[Records from a data source]

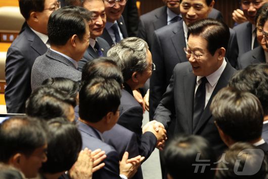 (서울=뉴스1) 국회사진기자단 = 이재명 대통령이 4일 서울 여의도 국회 본회의에서 내년도 정부 예산안에 대한 시정연설을 마치고 의원들의 박수를 받으며 퇴장하고 있다. 2025.11.4/뉴스1
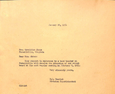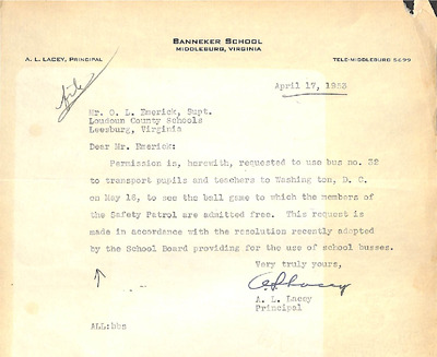 EWP 5-3 Yr 1953 April 17 Banneker wants school bus for Ball Game for Safety Patrol April 17, 1953 correspomdence from Banneker Principal A.L. Lacey to Superintendent O.L. Emerick requesting use of school bus for transportation of teachers and Safety Patrol students to Washington D.C. on May 16, 1953 to attend a baseball game. - EWP 05 5-4-3c High School Struggle
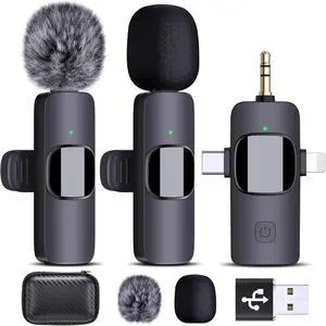 Wireless Lavalier Microphone for iPhone - Android Phone/Camera/Computer/Laptop, Professional Dual Lapel Mic with USB-C/3.5mm/USB Plug for Video Recording, Vlog, YouTube, TikTok
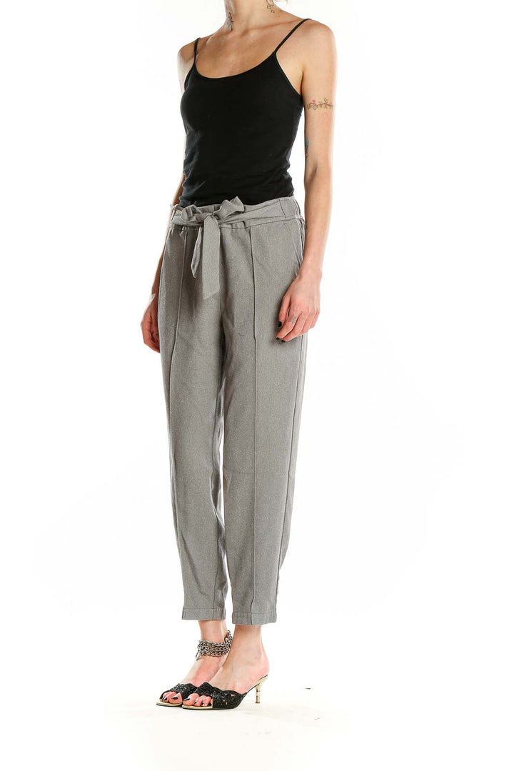 Elevate your wardrobe with these sophisticated gray ankle-length trousers from LOFT Outlet. Crafted from a luxurious blend of polyester, rayon, and spandex, these pants offer both comfort and style. The high-waisted design features a flattering paper bag waist with a self-tie belt, adding a touch of elegance to your look. Pleated detailing down the front creates a sleek silhouette, while the tapered leg ends at a chic ankle length. Perfect for both office wear and casual outings, these versatile trousers can be easily dressed up or down. In excellent condition, these pants are a must-have addition to any fashion-forward closet.
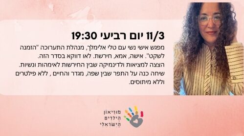 מפגש אישי נשי עם טלי אלימלך, מנהלת התערוכה "הזמנה לשקט". אישה, אמא, חירשת. לאו דווקא בסדר הזה.
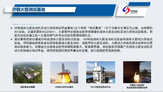 火箭動力測試板塊中,濟鋼液體火箭發動機及動力係統測試平台基地占地麵積168畝,已建成20噸級、100噸級發動機試驗台及動力係統試驗台,及相關配套設施,可全麵提供液氧煤油、液氧甲烷發動機及動力係統全流程測試服務。
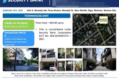 For Sale Foreclosed House & Lot in Hemady Star Town Homes New Manila, Quezon City
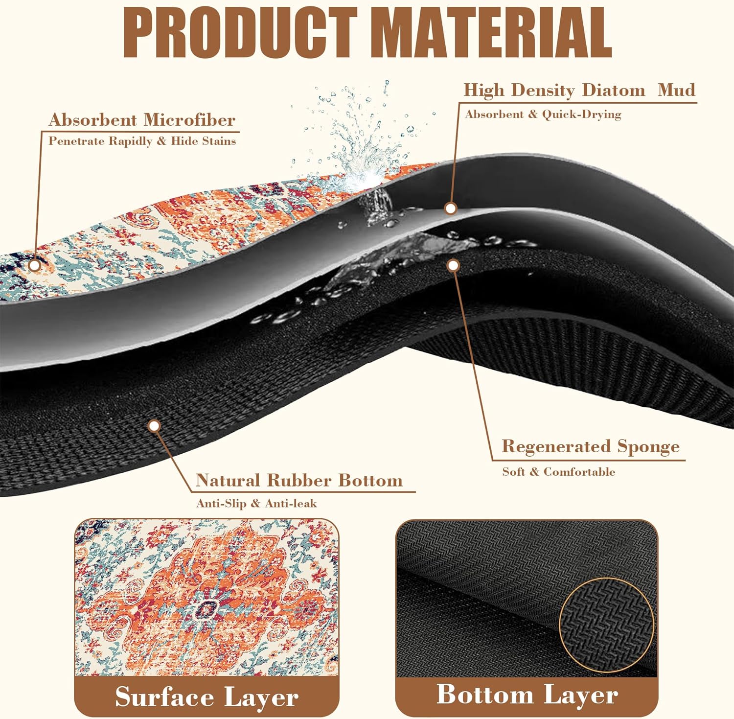 Persian Vintage Boho Carpet Coffee Mat Dish Drying Mat for Kitchen Counter Absorbent Hide Stain Rubber Backed Coffee Bar Accessories Fit Under Espresso Machine Dish Drainer 11.8 x 19.7 Inch
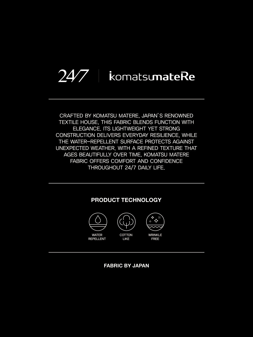 일본 KOMATSU社의 DANTOTSU HASSUI 원단을 사용했습니다. DANTOTSU Water Repellent® 가공은 원단 표면에서 물방울과의 접촉 면적을 최소화해, 물이 쉽게 맺히고 빠르게 흘러내리도록 설계되었습니다. 무광의 절제된 광택과 구조적인 텍스처로 일상적인 비와 생활 오염에 효과적으로 대응하며, 쾌적한 착용 환경을 유지하실 수 있습니다.
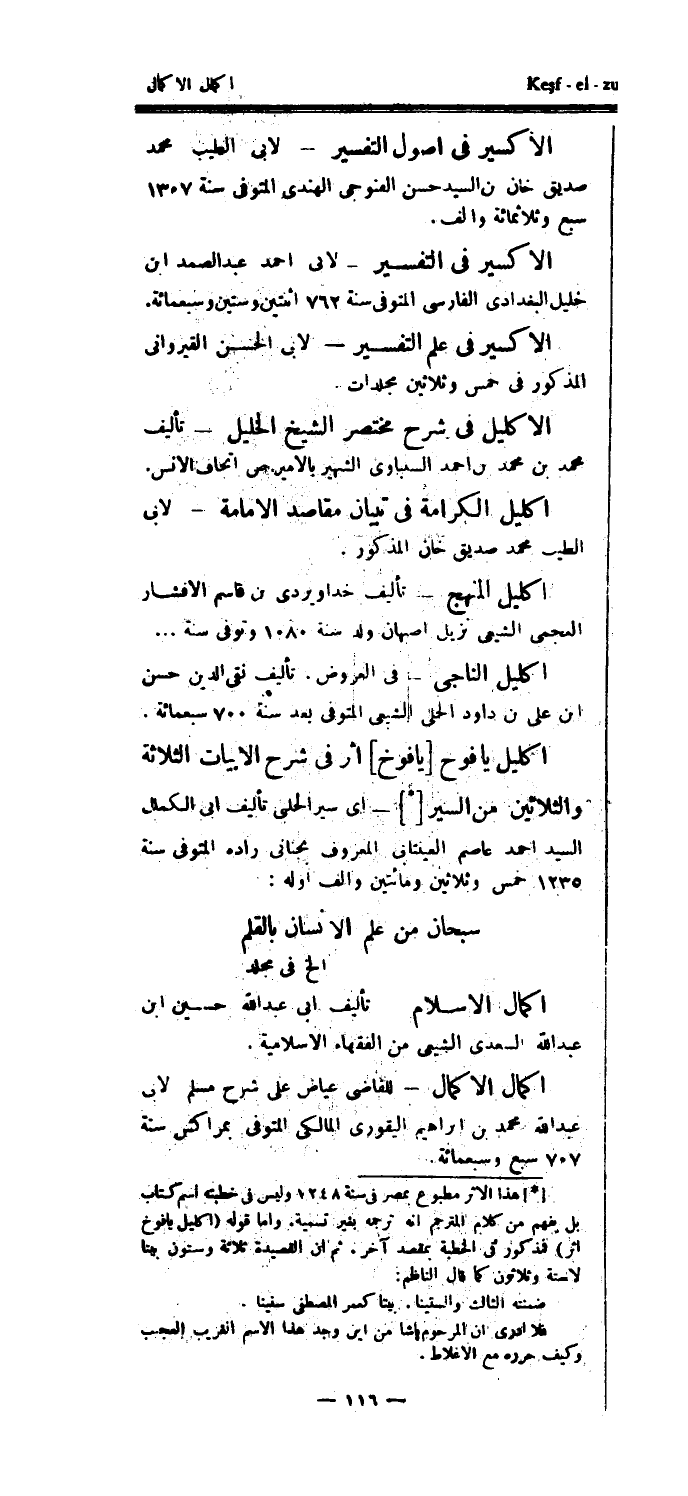 اكليل يا فوح [يا فوخ] أثر في شرح الأبيات الثلاثة والثلاثين من السير [*]- أي سير الحلبي تأليف أبي الكمال السيد أحمد عاصم العينتابي المعروف بجناني راده المتوفى سنة 1235 خمس وثلاثين ومائتين وألف أوله: سبحان من علم الإنسان بالقلم الخ في مجلد إكمال الإسلام تأليف ابى عبد الله حسين ابن عبد الله لسعدى الشيعي من الفقهاء الإسلامية.
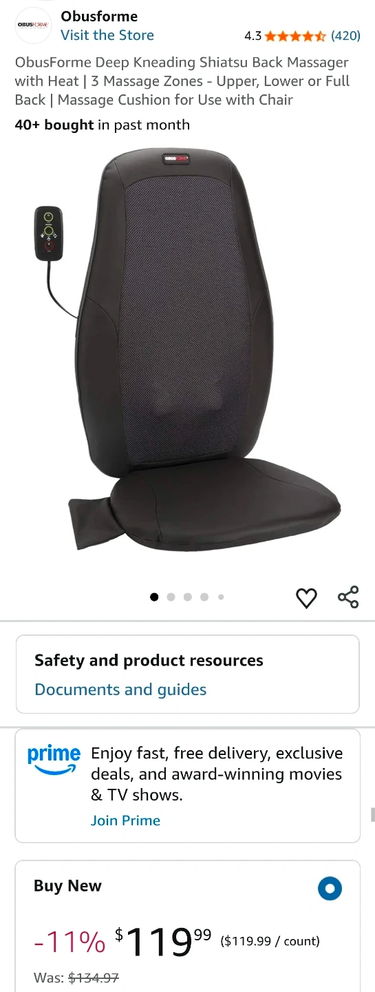 ObusForme Deep Kneading Shiatsu Back Massager with Heat
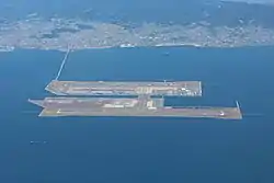 Satellite photo of Kansai Airport (lower-right island) in Osaka Bay. Kobe Airport is being built on the unfinished island near the middle of the photo. Central Osaka is in the upper-right corner, along with Osaka International.
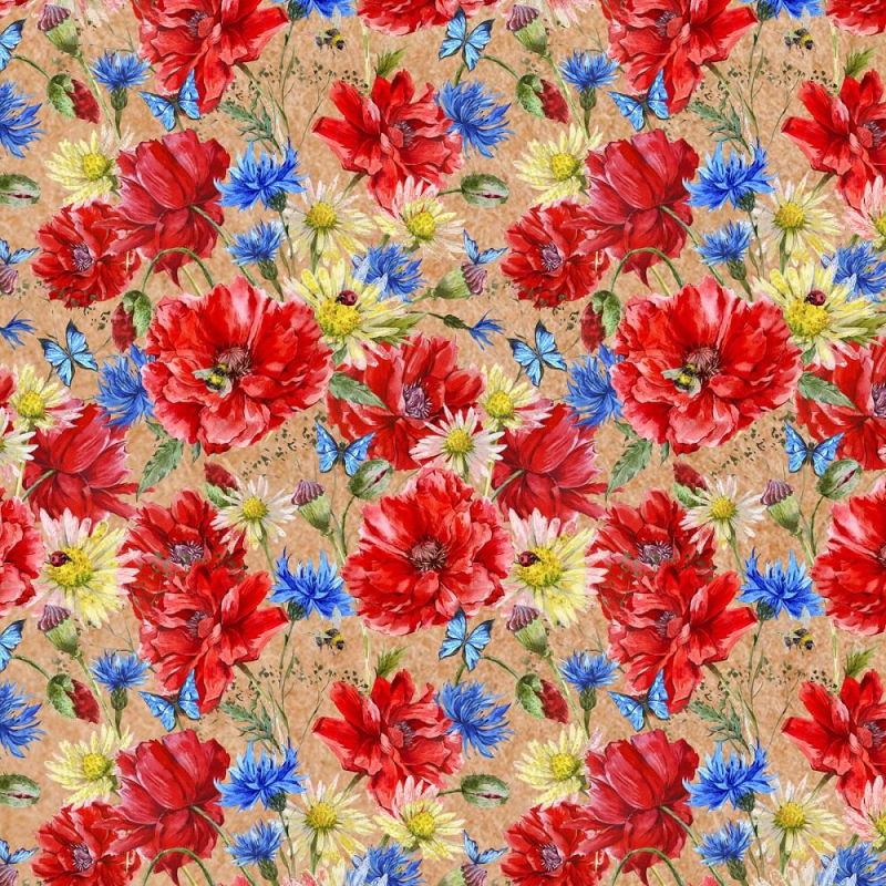 Бумага упаковочная крафт Маки ромашки, в лист100х70, немел, 80г/м2, в рул. 44728
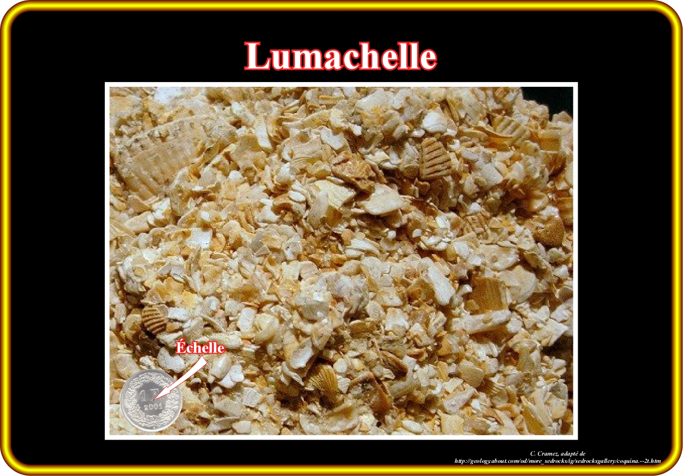 Comme illustré dans cette photo, une lumachelle, parfois appelée, aussi, ‘coquine’ (terme espagnol qui signifie coquillage) ou calcarenite, est une roche endogène constituée par des sédiments deutogènes, principalement des fragments de coquillages. Comme les coquillages sont formés de carbonaté de calcium, les lumachelles peuvent être considérées comme des calcaires endogènes (formés par des détritus), mais non comme des protogènes (formés par précipitation de carbonate de calcium) . Les lumachelles se forment près de la ligne de côte, où l’action des vagues est forte et capable de trier les sédiments, comme le suggère les particules brisées, mais polies (par l’abrasion des vagues de la mer), qui les constituent. Beaucoup de roches calcaires contiennent des fossiles, mas les lumachelles sont exclusivement constituées par des fossiles, comme on peut le constater dans la lumachelle illustrée dans cette figure. Une lumachelle très cimentée est, très souvent, désignée comme coquinite, ainsi comme un calcaire composé, principalement, par des fossiles de coquillages, qui vivaient où se sont déposées (dépôt in situ ou dépôt sur place), est appelé, parfois, calcaire à coquilles). Certains géoscientistes vont plus loin et différencient les lumachelles et calcaires à coquilles allochtones (formés par fragments qui n’ont pas été transportés) des lumachelles et calcaires à coquilles autochtones (formés par des fragments qui ont été transportés d’autres endroits). Beaucoup de lumachelles se forment à partir de matériel récifal et sub-récifal. Ces faciès sont surtout représentés dans les environs des récifs et contiennent, très souvent, des algues vertes des genres Gymnocodium, Macroporella et Mizzia, fusillines et gastéropodes. Les lumachelles ont été utilisées comme matériel de construction (dalles, pavées, etc.), une fois qu’étant peu cimenté elles se cassent facilement dans ses composants (fragments de coquilles et corail) et peuvent, ainsi, remplacer le gravier obtenu par fragmentation des roches, dont l’obtention est beaucoup plus chère. D’autre côté, comme les lumachelles contiennent, très souvent, des composants riches en phosphore, elles sont, en certains pays, utilisées comme des fertilisants.
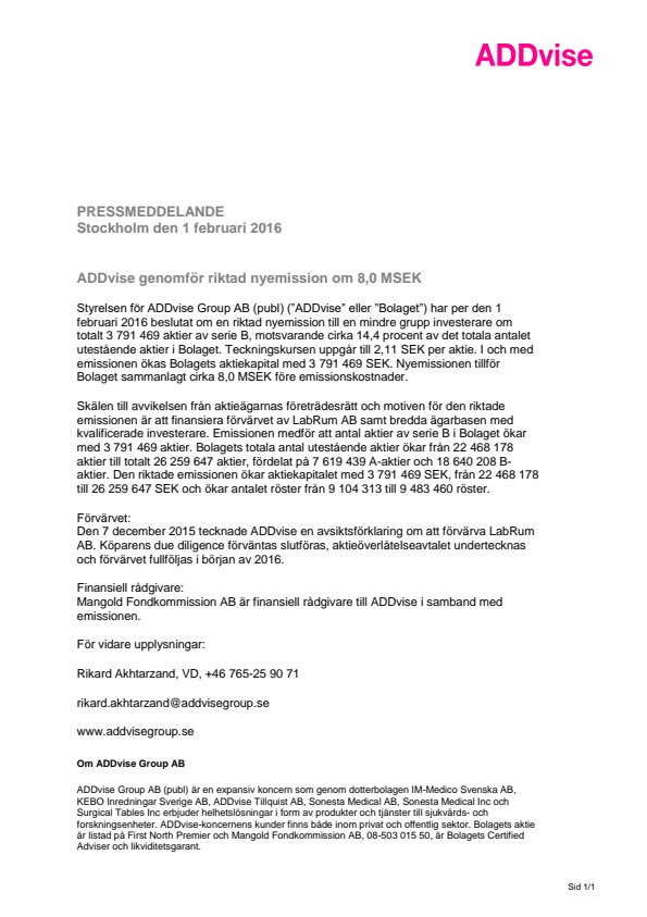 Förvärvet: Den 7 december 2015 tecknade ADDvise en avsiktsförklaring om att förvärva LabRum AB. Köparens due diligence förväntas slutföras, aktieöverlåtelseavtalet undertecknas och förvärvet fullföljas i början av 2016.

**The problem**
Copy the entries above verbatim. Pictures do not belong in the copy.

**Response to the task**
 (서울=뉴스1) 국회사진기자단 = 이재명 대통령이 4일 서울 여의도 국회 본회의에서 내년도 정부 예산안에 대한 시정연설을 마치고 의원들의 박수를 받으며 퇴장하고 있다. 2025.11.4/뉴스1
 EWP 5-3 Yr 1953 April 17 Banneker wants school bus for Ball Game for Safety Patrol April 17, 1953 correspomdence from Banneker Principal A.L. Lacey to Superintendent O.L. Emerick requesting use of school bus for transportation of teachers and Safety Patrol students to Washington D.C. on May 16, 1953 to attend a baseball game. - EWP 05 5-4-3c High School Struggle
 Wireless Lavalier Microphone for iPhone - Android Phone/Camera/Computer/Laptop, Professional Dual Lapel Mic with USB-C/3.5mm/USB Plug for Video Recording, Vlog, YouTube, TikTok
 Elevate your wardrobe with these sophisticated gray ankle-length trousers from LOFT Outlet. Crafted from a luxurious blend of polyester, rayon, and spandex, these pants offer both comfort and style. The high-waisted design features a flattering paper bag waist with a self-tie belt, adding a touch of elegance to your look. Pleated detailing down the front creates a sleek silhouette, while the tapered leg ends at a chic ankle length. Perfect for both office wear and casual outings, these versatile trousers can be easily dressed up or down. In excellent condition, these pants are a must-have addition to any fashion-forward closet.
 מפגש אישי נשי עם טלי אלימלך, מנהלת התערוכה "הזמנה לשקט". אישה, אמא, חירשת. לאו דווקא בסדר הזה.
 火箭動力測試板塊中,濟鋼液體火箭發動機及動力係統測試平台基地占地麵積168畝,已建成20噸級、100噸級發動機試驗台及動力係統試驗台,及相關配套設施,可全麵提供液氧煤油、液氧甲烷發動機及動力係統全流程測試服務。
 For Sale Foreclosed House & Lot in Hemady Star Town Homes New Manila, Quezon City
 Persian Vintage Boho Carpet Coffee Mat Dish Drying Mat for Kitchen Counter Absorbent Hide Stain Rubber Backed Coffee Bar Accessories Fit Under Espresso Machine Dish Drainer 11.8 x 19.7 Inch
 일본 KOMATSU社의 DANTOTSU HASSUI 원단을 사용했습니다. DANTOTSU Water Repellent® 가공은 원단 표면에서 물방울과의 접촉 면적을 최소화해, 물이 쉽게 맺히고 빠르게 흘러내리도록 설계되었습니다. 무광의 절제된 광택과 구조적인 텍스처로 일상적인 비와 생활 오염에 효과적으로 대응하며, 쾌적한 착용 환경을 유지하실 수 있습니다.
 اكليل يا فوح [يا فوخ] أثر في شرح الأبيات الثلاثة والثلاثين من السير [*]- أي سير الحلبي تأليف أبي الكمال السيد أحمد عاصم العينتابي المعروف بجناني راده المتوفى سنة 1235 خمس وثلاثين ومائتين وألف أوله: سبحان من علم الإنسان بالقلم الخ في مجلد إكمال الإسلام تأليف ابى عبد الله حسين ابن عبد الله لسعدى الشيعي من الفقهاء الإسلامية.
 ObusForme Deep Kneading Shiatsu Back Massager with Heat
 Satellite photo of Kansai Airport (lower-right island) in Osaka Bay. Kobe Airport is being built on the unfinished island near the middle of the photo. Central Osaka is in the upper-right corner, along with Osaka International.
 Бумага упаковочная крафт Маки ромашки, в лист100х70, немел, 80г/м2, в рул. 44728
 Comme illustré dans cette photo, une lumachelle, parfois appelée, aussi, ‘coquine’ (terme espagnol qui signifie coquillage) ou calcarenite, est une roche endogène constituée par des sédiments deutogènes, principalement des fragments de coquillages. Comme les coquillages sont formés de carbonaté de calcium, les lumachelles peuvent être considérées comme des calcaires endogènes (formés par des détritus), mais non comme des protogènes (formés par précipitation de carbonate de calcium) . Les lumachelles se forment près de la ligne de côte, où l’action des vagues est forte et capable de trier les sédiments, comme le suggère les particules brisées, mais polies (par l’abrasion des vagues de la mer), qui les constituent. Beaucoup de roches calcaires contiennent des fossiles, mas les lumachelles sont exclusivement constituées par des fossiles, comme on peut le constater dans la lumachelle illustrée dans cette figure. Une lumachelle très cimentée est, très souvent, désignée comme coquinite, ainsi comme un calcaire composé, principalement, par des fossiles de coquillages, qui vivaient où se sont déposées (dépôt in situ ou dépôt sur place), est appelé, parfois, calcaire à coquilles). Certains géoscientistes vont plus loin et différencient les lumachelles et calcaires à coquilles allochtones (formés par fragments qui n’ont pas été transportés) des lumachelles et calcaires à coquilles autochtones (formés par des fragments qui ont été transportés d’autres endroits). Beaucoup de lumachelles se forment à partir de matériel récifal et sub-récifal. Ces faciès sont surtout représentés dans les environs des récifs et contiennent, très souvent, des algues vertes des genres Gymnocodium, Macroporella et Mizzia, fusillines et gastéropodes. Les lumachelles ont été utilisées comme matériel de construction (dalles, pavées, etc.), une fois qu’étant peu cimenté elles se cassent facilement dans ses composants (fragments de coquilles et corail) et peuvent, ainsi, remplacer le gravier obtenu par fragmentation des roches, dont l’obtention est beaucoup plus chère. D’autre côté, comme les lumachelles contiennent, très souvent, des composants riches en phosphore, elles sont, en certains pays, utilisées comme des fertilisants.
 Förvärvet: Den 7 december 2015 tecknade ADDvise en avsiktsförklaring om att förvärva LabRum AB. Köparens due diligence förväntas slutföras, aktieöverlåtelseavtalet undertecknas och förvärvet fullföljas i början av 2016.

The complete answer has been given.